Monthly Archive for February, 2005

heaven & hell

In hell you are sitting at a sumptuous banquet but your arms are broken and in a cast and though with your fork you can pick up food but you can’t bend your arms, so you can’t put it in your mouth! In heaven, everything is exactly the same, but you just feed the person next to you.

[tags]heaven,hell,joke[/tags]

Sex, Ecology, Spirituality, the Spirit of Evolution, Second Edtion, by Ken Wilber (2000)

This sprawling work requiresmuch more than a small description here, which I will do some time (probably as so many others have), but I’ve gotta gripe about it. I wish Mr. Wilber were a better writer, or he would let an editor fix his incredibly repetitious prose. Many people have told me that Wilber is dense and hard to get through, but it’s not really that dense. The book is indeed a brilliant synthesis of a whole bucket load of ideas, but the each section is so over belabored that it gets tiresome. Well that’s the gripe, the things I like best about it are: holons, a synthetic world view which includes a social and individual component of the interior as well as exterior (the four quadrants), ascenders vs. descenders, Plotinus, and the necessary interrelatedness of macrocosmic and microcosmic evolution.

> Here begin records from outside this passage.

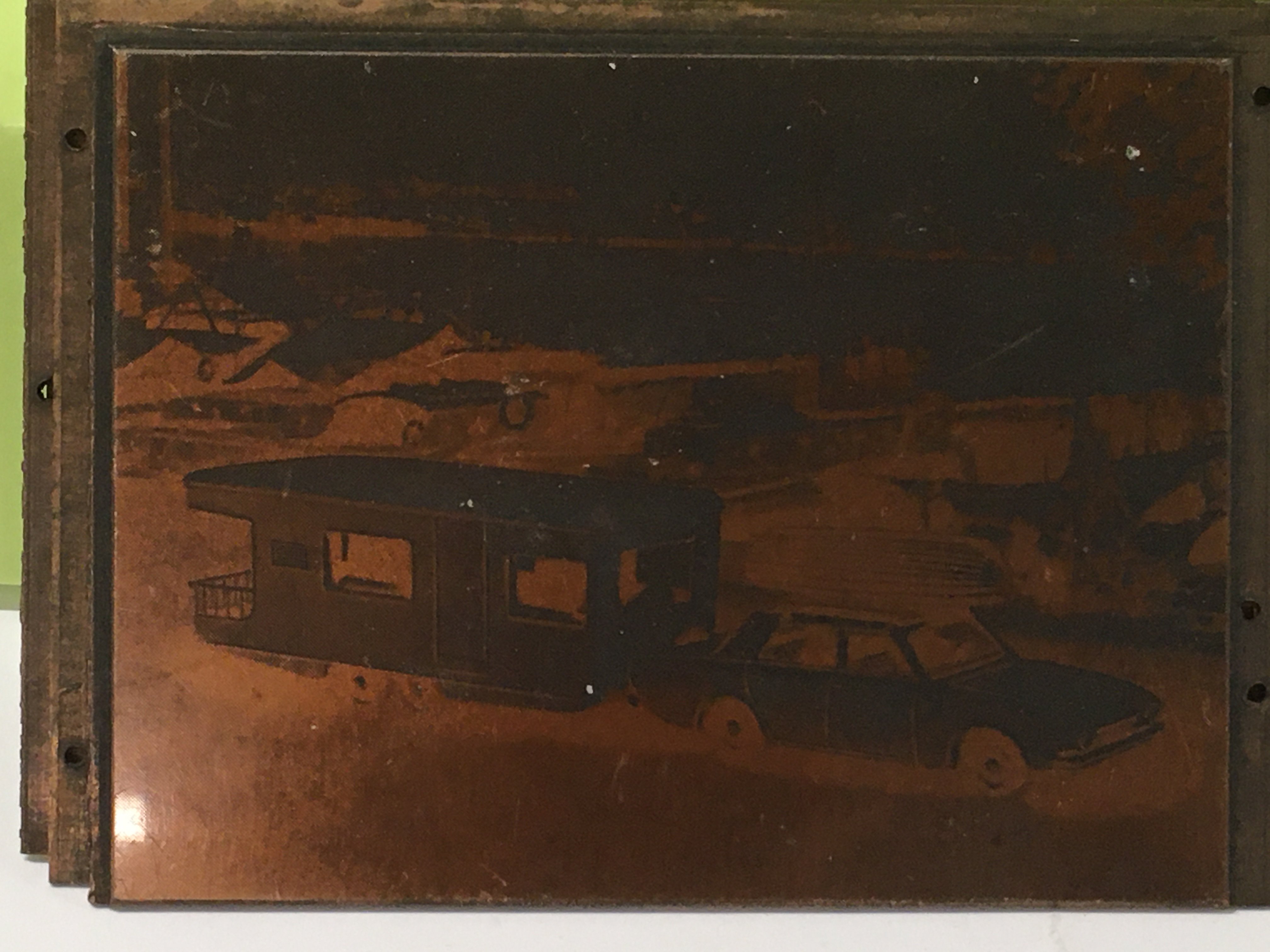 A collection of 4 unique copper printing plates made for the Matchbox company. Each plate is approximately 100 x 80mm.
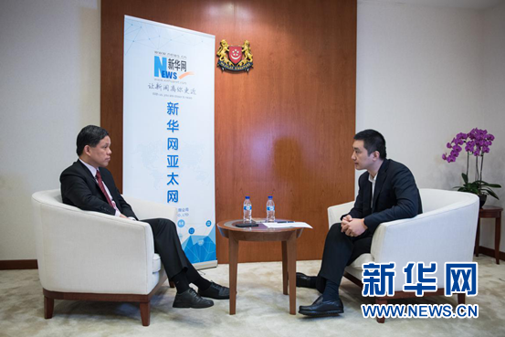 近日,新加坡貿(mào)工部長(zhǎng)陳振聲在新加坡接受新華網(wǎng)專(zhuān)訪。圖為陳振聲(左)與本次訪談主持人、新華網(wǎng)新加坡負(fù)責(zé)人吳磊對(duì)話。新華網(wǎng) 王應(yīng)耀 攝
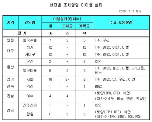 정부의 정화조치 명령을 이행하지 않고 있는 업체의 산단별로 보면 ▲인천 한국수출산단 7개 ▲대구 성서산단 12개 ▲서대구산단 12개 ▲울산 온산산단 2개 ▲울산 미포산단 6개 ▲경기 시화산단 10개 ▲전북 익산산단 1개 ▲전남 여수산단 4개 ▲경남 진주상평산단 1개 ▲경남 창원산단 11개 등이다.
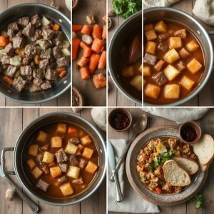 - Brun kjøttet: Varm olje i en stor gryte på medium høy varme. Brun kjøttet i omganger til det får en gyllen overflate. Sett til side.
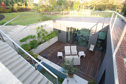 Die graue Gebäudehülle aus Aluminiumverbundplatten, die großen Fensterflächen und teilweise schrägen Außenwände verleihen dem generösen Zwei-Personen-Haushalt ein leicht außerirdisch anmutendes Erscheinungsbild. (Text: Marion Kuzmany)
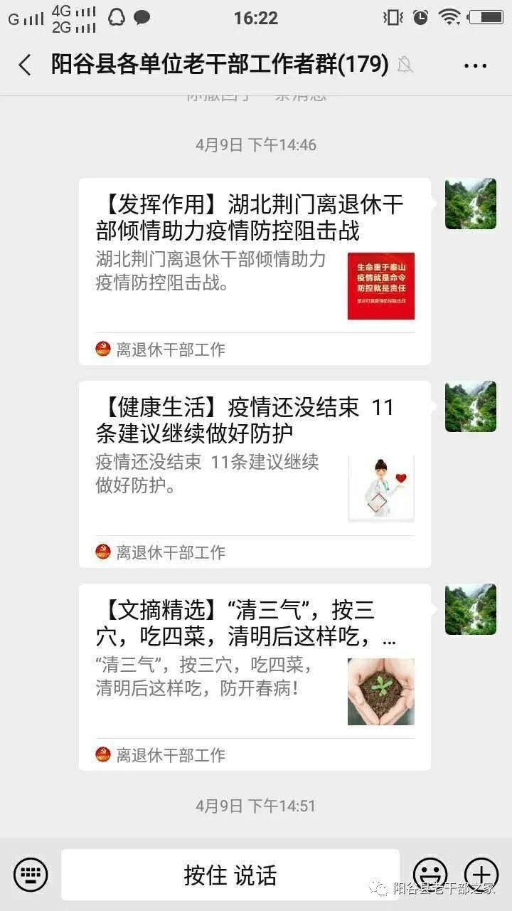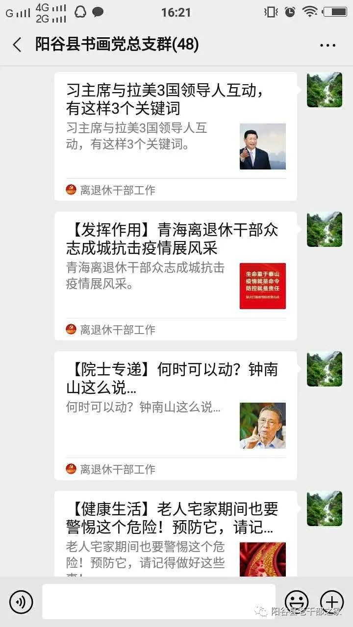 学习蔚然成风。县委老干部局安排专人负责每天在“阳谷县各单位老干部工作者”“阳谷县离退休干部党总支”“阳谷县老年大学”等微信交流群转发“离退休干部工作”微信公众号刊载的重要言论和信息文章,及时向关注者推送,方便浏览学习。广大离退休干部通过微信公众号平台,及时了解习近平总书记重要指示精神和其他省市老干部工作动态,陶冶了情操,丰富了健康知识。阳谷县老年社团离退休干部党总支书记李奇说:“自从关注了公众号,每天我都能看到学习习近平总书记重要讲话和重要指示精神,进一步增强了‘四个意识’,坚定了‘四个自信’,提高了政治素质。”县农业综合服务中心退休干部程学信家属说:“微信公众号每天都刊登生活保健健康知识,浏览学习使我和老伴的身体越来越健康,为我们的晚年幸福生活提供了强有力的保障。”
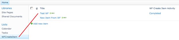25. Add a new item to the list and see that the new item has been created as shown below.
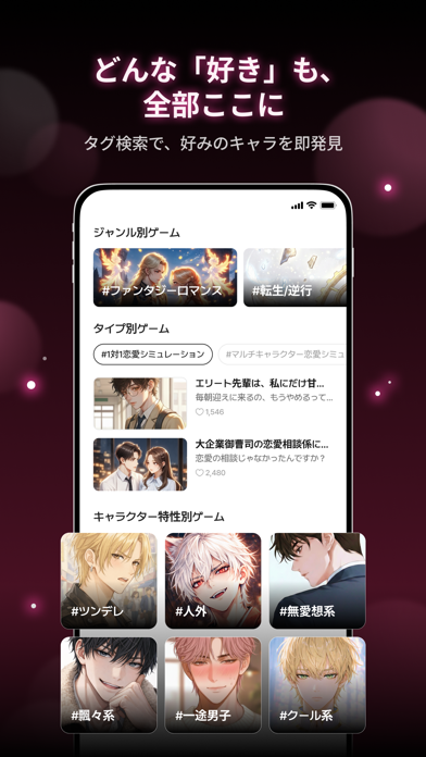 自分の好みのキャラクターを探す段階から、すでにお楽しみ。公式や、ほかのユーザーが作ったキャラクターがたくさん投稿されています。見た目や性格だけでなく、シチュエーションもキャラごとに存在。男性キャラが多めですが、女性キャラの投稿も見られます。
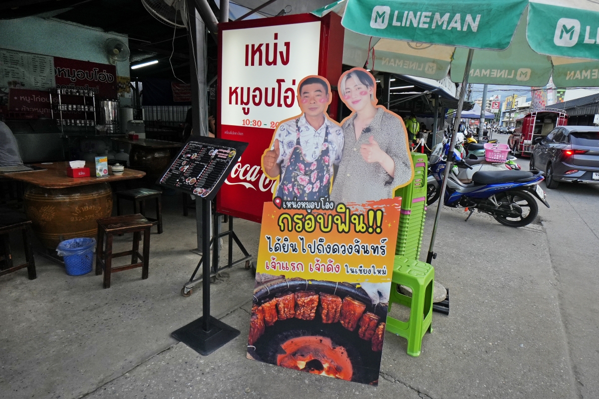 喜歡吃脆皮烤豬肉的朋友看過來~今天要分享給你們的這間「Neng’s Clay Oven Roasted Pork(Neng Moo Ob Ong/เหน่งหมูอบโอ่ง ตลาดเมืองใหม่)」是許多清邁在地人與觀光客都公認的必吃名店,熱門用餐時段常常一位難求(不喜歡排隊的話可以挑比如說下五兩點到五點這種時間來),主打的脆皮豬肉或者說脆皮燒肉是放在傳統的陶甕用慢火炭烤而成,香氣逼人,而且吃起來皮酥肉嫩,品嚐時也不會覺得太油膩,然後它的地點緊鄰著在地的市場,環境雖然不是走什麼氣派、有質感的路線,但相對價格也非常親民,而且除了脆皮豬肉以外還點得到八十種以上的其他泰式料理,如果大家是住在清邁古城區那一帶的話很推薦來吃一波唷!
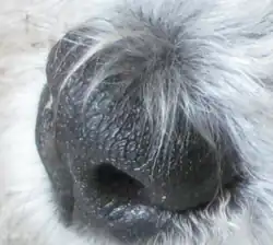The wet nose, or rhinarium, is essential for determining the direction of the air current containing the smell. Cold receptors in the skin are sensitive to the cooling of the skin by evaporation of the moisture by air currents.[6]
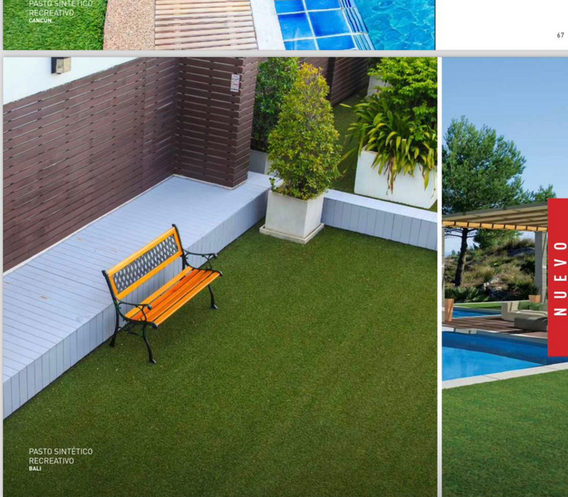 El pasto sintético, también conocido como césped artificial, es un recubrimiento para exteriores que imita la apariencia y textura del césped natural, pero está hecho de materiales sintéticos. Se utiliza para evitar el mantenimiento constante y el uso de agua.

The big problem with this book, is that he states, but does not satisfactorily demonstrate, the claim that the interior/subjective and the exterior/objective are on the same footing. I believe this, but I’m still looking for someone who can really demonstrate it.

Bone, Complete one volume edition, by Jeff Smith (1991-2004)

I have a real soft spot for a good graphic novel now and again, and this one really hit the spot. The story is interesting, the characters are amazingly engaging, and the art is just fantastic. What’s most amazing about Bone, is that it doesn’t takes an unusual position of litterary self-awarenes. It doesn’t take itself completely seriously, like so many of them do, but it’s also not all silly. So while the monsters are at some points just clearly silly and out of character, i.e. discussing whether to eat their next victims raw or in the form of a quiche, or calling eachother fat, they are also downright monster scary. It’s tough to pull this off, but I, for one, was willing to suspend disbelief and really get into the story, not despite the silliness, but because of it.